Among the corporate success stories in South Korea over the last 50 years, Samsung Electronics dominates. When Koreans travel the world, many express pride at the sight of billboards advertising the company's flat-screen televisions, mobile phones and household appliances.
The president of South Korea, Roh Moo-hyun, has even said that Samsung, not he, is the real representative of South Korea abroad, according to members of his political party.
But at home, the Samsung group of companies, controlled by the family of Lee Kun-hee, the chairman of Samsung Electronics, faces growing criticism of its ownership and control arrangements, as well as its handling of a looming generational change.
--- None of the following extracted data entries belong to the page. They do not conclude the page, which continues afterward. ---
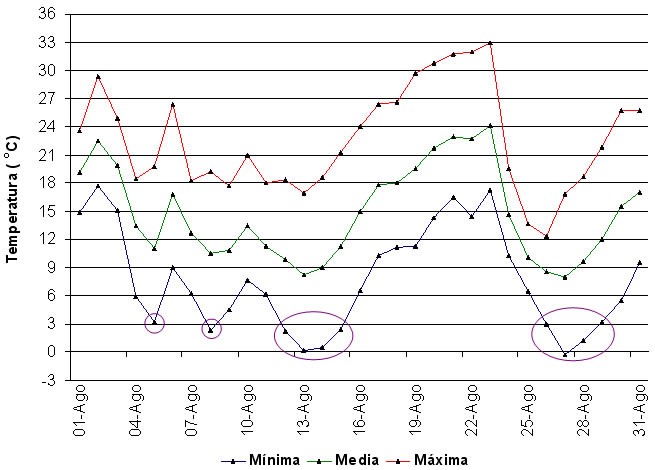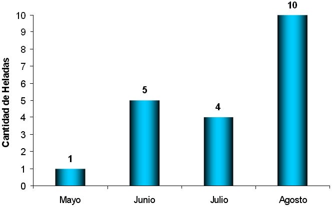 Entre los meses de junio y julio (donde históricamente se presentan las temperaturas mínimas más bajas) se contabilizó un total de 9 días con heladas; sin embargo agosto ha sido el mes donde más heladas se han detectado llegando a un total de 10 (la mitad de las contabilizadas hasta el momento).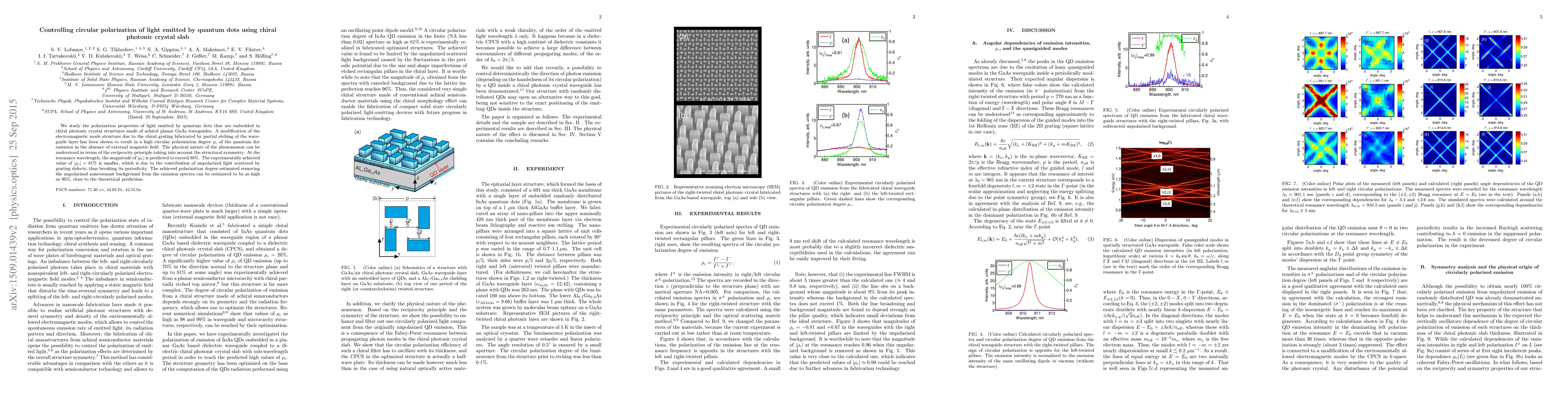 This paper investigates how embedding quantum dots in chiral photonic crystal slabs can control the circular polarization of emitted light, achieving a high degree of circular polarization (up to 98% theoretically) by modifying the electromagnetic mode structure through a chiral grating. Experimental results show a polarization degree of 81%, which improves to 96% when accounting for nonresonant background scattering.
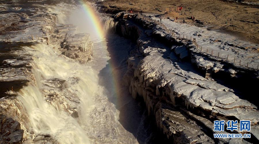 12月11日,黄河壶口瀑布上空出现彩虹,美不胜收(无人机拍摄)。 新华社发(刘宏达 摄)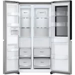 Refrigeradora Side by Side LG con tecnología avanzada y diseño moderno. Cuenta con InstaView™, que permite ver el interior con solo dos toques sin abrir la puerta, y Multi Air Flow para mantener la frescura en todas las zonas. Incluye DoorCooling para un enfriamiento uniforme, ThinQ™ para control remoto y monitoreo, y un Smart Inverter Compressor™ con 10 años de garantía. Con Fresh Balancer™ y Fresh Zone, mantiene frutas y verduras frescas, y tiene una eficiencia energética clase A. Sus dimensiones son 91.3 cm de ancho x 179 cm de alto x 73.5 cm de profundidad, y tiene un peso de 132 kg.

Legislators, regulators and advocates of shareholder rights are questioning the financial structure that links Samsung's 61 affiliates and are trying to gain some influence over how the company is controlled and eventually will be passed on to Lee's son, Lee Jay-yong.
This attention on Samsung comes as regulators and legislators here, in an effort to protect shareholders, try to correct the imbalance between voting rights and the exercise of power by the founding families in the country's conglomerates, or chaebol.
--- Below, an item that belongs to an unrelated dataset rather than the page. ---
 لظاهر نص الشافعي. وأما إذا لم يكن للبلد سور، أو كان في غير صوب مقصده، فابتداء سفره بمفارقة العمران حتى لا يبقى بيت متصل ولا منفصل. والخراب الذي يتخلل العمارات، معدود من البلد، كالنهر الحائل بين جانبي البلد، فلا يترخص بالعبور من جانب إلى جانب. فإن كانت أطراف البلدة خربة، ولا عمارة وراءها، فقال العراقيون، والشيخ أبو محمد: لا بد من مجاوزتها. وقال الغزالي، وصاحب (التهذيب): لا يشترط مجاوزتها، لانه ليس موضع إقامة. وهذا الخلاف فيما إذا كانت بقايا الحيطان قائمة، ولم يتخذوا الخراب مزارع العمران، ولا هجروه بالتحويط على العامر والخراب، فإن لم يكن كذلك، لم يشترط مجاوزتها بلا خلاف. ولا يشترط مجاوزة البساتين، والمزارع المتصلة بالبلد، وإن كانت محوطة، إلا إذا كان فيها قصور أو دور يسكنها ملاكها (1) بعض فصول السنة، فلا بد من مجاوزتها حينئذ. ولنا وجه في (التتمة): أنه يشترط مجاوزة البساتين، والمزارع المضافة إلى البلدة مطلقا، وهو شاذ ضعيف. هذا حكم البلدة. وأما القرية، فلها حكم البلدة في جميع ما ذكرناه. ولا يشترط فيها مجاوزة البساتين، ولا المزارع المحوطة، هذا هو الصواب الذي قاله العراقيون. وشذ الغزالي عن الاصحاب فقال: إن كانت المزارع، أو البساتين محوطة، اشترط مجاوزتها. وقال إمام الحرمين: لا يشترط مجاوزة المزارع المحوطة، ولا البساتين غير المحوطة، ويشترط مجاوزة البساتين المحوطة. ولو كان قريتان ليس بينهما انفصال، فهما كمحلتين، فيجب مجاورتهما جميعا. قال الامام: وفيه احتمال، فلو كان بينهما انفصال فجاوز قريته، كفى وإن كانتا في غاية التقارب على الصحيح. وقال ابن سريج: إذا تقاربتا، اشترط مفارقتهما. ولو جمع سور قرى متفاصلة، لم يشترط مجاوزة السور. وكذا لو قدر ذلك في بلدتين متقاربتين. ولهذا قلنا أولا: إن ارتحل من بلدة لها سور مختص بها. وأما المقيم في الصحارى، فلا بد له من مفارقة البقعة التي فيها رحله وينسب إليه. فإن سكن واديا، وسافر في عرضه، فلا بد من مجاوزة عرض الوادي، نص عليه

Critics say Samsung's complex system of ownership, which ties together an array of financial, manufacturing and other affiliates, breaches either the letter or the spirit of South Korean corporate law.
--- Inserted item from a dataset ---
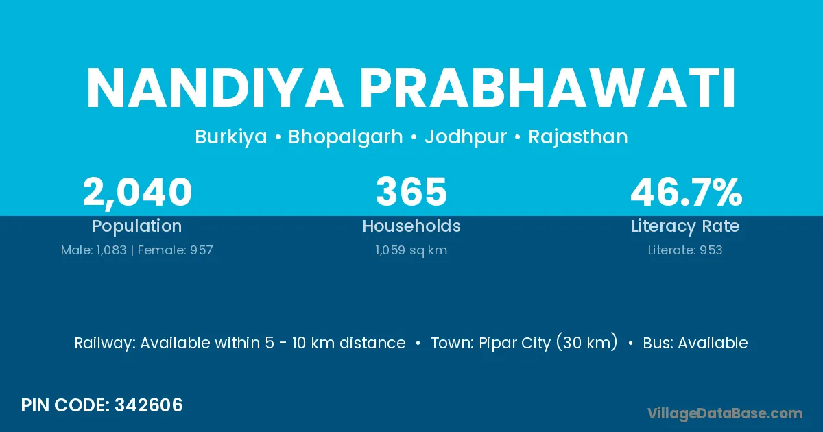 Pipar City (30 km) is the nearest town to Nandiya Prabhawati village for major economic activities and is located approximately 30 km away.

Kim Sun-woong, executive director of the Center for Good Corporate Governance, said the ownership and control structures at Samsung were "not for the shareholders' profit but rather to retain Lee Kun-hee's corporate control."
The debate is provoking tensions between Samsung and elements of the governing party in the National Assembly. Legislators from Roh's Uri Party are backing two proposed laws that would chip away at the structure that the Lee family uses to manage its empire.
The Uri Party legislators are backed by the Fair Trade Commission in South Korea, which recently released a report showing an imbalance between direct ownership by founding families in the chaebol and their level of voting rights. Within South Korea's 55 top chaebol and their 968 affiliates, founding families on average own just 5 percent of the shares but have 51.2 percent of the voting rights, according to the commission.
The Lee family, with an average of 4.4 percent ownership of Samsung companies, has 31 percent of the voting rights. In Europe, the commission found, the ratio of ownership to voting rights was close to 1-to-1. Lee Seuk-joon, director of the commission's business group division, said the government wanted to "reduce the gap between ownership rights and controlling rights by chaebol chiefs" to protect the rights of minor shareholders and improve corporate checks and balances.
This battle is being fought on several fronts. But the major contest is over two pieces of legislation that would limit the voting rights that financial affiliates of the chaebol could exercise in nonfinancial affiliates. Both are of particular concern to Samsung, which has nine financial affiliates, including Samsung Life Insurance and Samsung Card.
The group relies heavily on these financial affiliates as links in a system of circular holdings that bind it together through Samsung Everland, a holding company that operates South Korea's version of Disneyland and is majority-owned by the Lee family.
Last December, the National Assembly amended the fair-trade law to reduce the voting rights that financial affiliates can have in other parts of the same business group.
The change, to be introduced in three steps by 2008, would cut the Lee family's voting rights in Samsung Electronics by as little as 1 percent, according to the Center for Good Corporate Governance.